Inoculant Specificity — A Critical Management Point

The requirement for Azorhizobium caulinodans as the specific symbiont for S. rostrata stem nodulation is an absolute biological constraint with major practical implications. Standard commercial Rhizobium inoculants formulated for soybeans, cowpeas, groundnuts, or other legumes will NOT effectively nodulate S. rostrata stems. Without the correct inoculant on soils that lack native A. caulinodans populations (which includes most Asian paddy soils, as this bacterium is not native to Asia), S. rostrata will produce only root nodules (if any), and N-fixation will be a fraction of its potential. The A. caulinodans inoculant is available from IRRI (Philippines), NRRI (India), and several national agricultural research systems in South and Southeast Asia, but is not widely available through commercial agricultural supply chains in most countries. This inoculant availability bottleneck is the primary adoption barrier for S. rostrata outside of well-supported research networks.

Limitations

S. rostrata is an annual and must be replanted each season — unlike S. sesban or S. grandiflora, which provide multi-year returns from a single planting. Its relatively short stature (1–3 m at incorporation time) limits its non-paddy uses. Fodder value is lower than S. sesban or S. grandiflora — the leaves are less palatable and lower in protein relative to those species. In drought conditions, stem nodule activation is reduced and plant growth suffers, limiting use to rainfed or irrigated paddy environments. The specialized inoculant requirement is a recurring supply chain challenge in smallholder contexts.

Key References

The fundamental research on S. rostrata biology was published by Dreyfus & Dommergues (1981) in FEMS Microbiology Letters, documenting the stem nodulation system. The IRRI Technical Bulletin TB-21 provides the definitive agronomic guidelines for paddy integration. FAO Plant Production Paper 149 synthesizes multi-country trial data. Ladha et al. (1993), published in Plant and Soil, documented BNF rates of 200–260 kg N/ha using 15N isotope dilution across irrigated rice systems in India, the Philippines, and Bangladesh — establishing the quantitative case for S. rostrata as a urea substitute.

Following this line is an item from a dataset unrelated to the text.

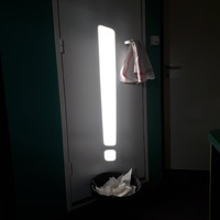 2 - Il s’agit d’une photographie prise à l’aide d’un téléphone portable. La photo est assez sombre, laissant en évidence un trait de lumière semblant former un point d’exclamation. Il y a un contraste fort entre ce trait de lumière et le reste de la pièce. Ce trait de lumière se positionne au dessus d’une poubelle, directement sur une porte. On peut apercevoir un torchon blanc et rouge suspendu à la poignée de cette dernière. Le trait de lumière est au centre de l’image, tout le contour de l’image est sombre.

Sesbania Bispinosa — Dhaincha: South Asia's Most Versatile Species

South Asia Indo-Gangetic Plains Green Manure Fiber Crop
Sesbania bispinosa Dhaincha field crop growing in paddy pre-season

Scientific Classification

RankTaxon
KingdomPlantae
FamilyFabaceae
SubfamilyFaboideae
GenusSesbania
SpeciesS. bispinosa (Jacq.) W.F.Wight
SynonymS. aculeata Pers. (older literature)

Common Names by Language

LanguageName
EnglishDhaincha, prickly sesban, spiny sesbania
Hindiढैंचा (Dhaincha)
Bengaliধৈঞ্চা (Dhaincha)
Punjabiਢੈਂਚਾ (Dhaincha)
Urduڈھینچہ (Dhaincha)
Arabicسيسبانيا الشوكية

Taxonomic Note: The Synonym Confusion

Older agricultural and botanical literature from South Asia frequently refers to "dhaincha" as Sesbania aculeata (Pers.). Modern taxonomic revision distinguishes S. bispinosa (Jacq.) W.F.Wight as a separate species from S. aculeata, though the two are closely related and morphologically similar — both are spiny. The agronomic literature on dhaincha from ICAR (Indian Council of Agricultural Research) and Pakistan Agricultural Research Council predominantly uses the name S. aculeata, though this now refers taxonomically to S. bispinosa by most modern botanical treatments. When reading older dhaincha research, treat S. aculeata and S. bispinosa as referring to the same crop species.

Key Facts at a Glance

  • Status: #1 green manure crop of the Indo-Gangetic Plains; millions of hectares grown annually
  • N-fixation: 120–180 kg N/ha in 45–60 days
  • Unique dual use: Green manure + bast fiber crop (rope, gunny bags, paper pulp)
  • Soil pH tolerance: Up to pH 8.5 — outstanding alkaline soil performance
  • Waterlogging: Moderate tolerance (2–4 weeks flooding)
  • Germination: Extremely fast — 3–5 days; 1 m height in 3 weeks

Agricultural Significance in South Asia

Dhaincha (S. bispinosa) is the single most widely cultivated green manure crop in South Asia, with its primary region of use spanning the Indo-Gangetic Plains of India, Pakistan, and Bangladesh — the world's most productive and densely-farmed agricultural region. The rice-wheat rotation system that dominates this belt — transplanted monsoon rice followed by winter wheat — creates a 6–8 week window between wheat harvest and rice transplanting (April–June) that dhaincha fills perfectly. Sown immediately after wheat harvest, dhaincha grows rapidly through the pre-monsoon warm season, reaches 3–4 m height in 45–60 days, and is incorporated as green manure just before rice transplanting begins with the onset of the monsoon.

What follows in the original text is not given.